Konkret wird das Vorgehen Europas der Studie zufolge in keinem Bereich gebilligt. Laut Studie verursacht die EU eine “Enttäuschung” für 34% und eine “Ablehnung” bei 9% der Franzosen. Das Vorgehen der EU werde in keinem Bereich gebilligt. Fast jeder zweite Franzose betrachte die Entwicklung “wirtschaftspolitisch” (49% gegenüber 22% der positiven Urteile), “Beschäftigung” (48% gegenüber 14%), “Sozialpolitik” (48% gegenüber 14%) und vor allem “Migrationspolitik” (63% gegenüber 9%) als negativ. So behaupteten nun 52% der Befragten, dass die Mitgliedschaft Frankreichs in der Europäischen Union dazu neigt, “die Auswirkungen von wirtschaftlichen, diplomatischen oder Umweltkrisen auf die Franzosen zu verschlechtern”.
Keine Europhobie
Nur 52% der Befragten seien der Ansicht, dass die Mitgliedschaft Frankreichs in der Europäischen Union dazu tendiere, “die Auswirkungen von wirtschaftlichen, diplomatischen oder Umweltkrisen auf die Franzosen zu verschlechtern”. Eine Europhobie sei dennoch nur bei einer Minderheit festzustellen.

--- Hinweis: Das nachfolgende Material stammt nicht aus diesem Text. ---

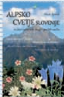
Priročnik Alpsko cvetje Slovenije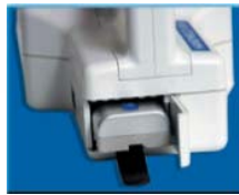
Сменная перезаряжаемая Li-ионная батарея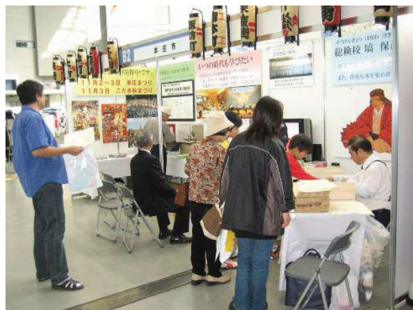
本庄市ブースの様子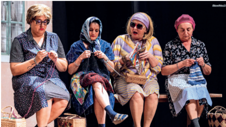
Una scena di uno spettacolo dell'Instabile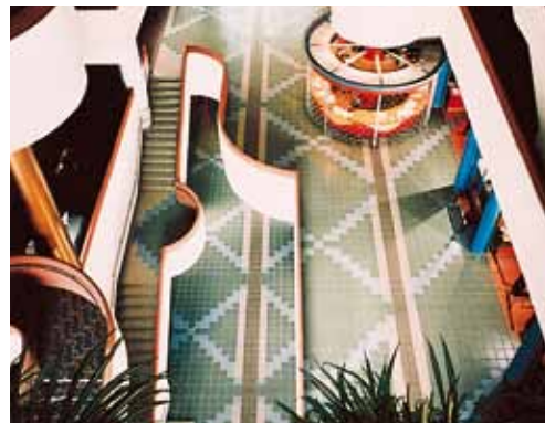
Lepení glazovaného gressu - Kerabond+Isolastic - Občanské centrum - North York Ontario (Kanada)

Isolastic není podle aktuálně platných norem týkajících se zařazení směsí považován za nebezpečnou látku. Doporučuje se používat ochranné rukavice a brýle a dodržovat opatření jako při běžné manipulaci s chemickými výrobky.

Eine klare Mehrheit (58%) sei “generell positiv für das europäische Projekt, aber nicht so, wie es derzeit ist “. Zwar sei diese Zahl im Vergleich zum Vorjahr rückläufig, aber dennoch glauben 53% der Franzosen (-5 Punkte), dass die Mitgliedschaft Frankreichs in der Europäischen Union “eine gute Sache” sei, verglichen mit nur 31 %, die das für eine “schlechte Sache” hielten.
“Eurobarometer”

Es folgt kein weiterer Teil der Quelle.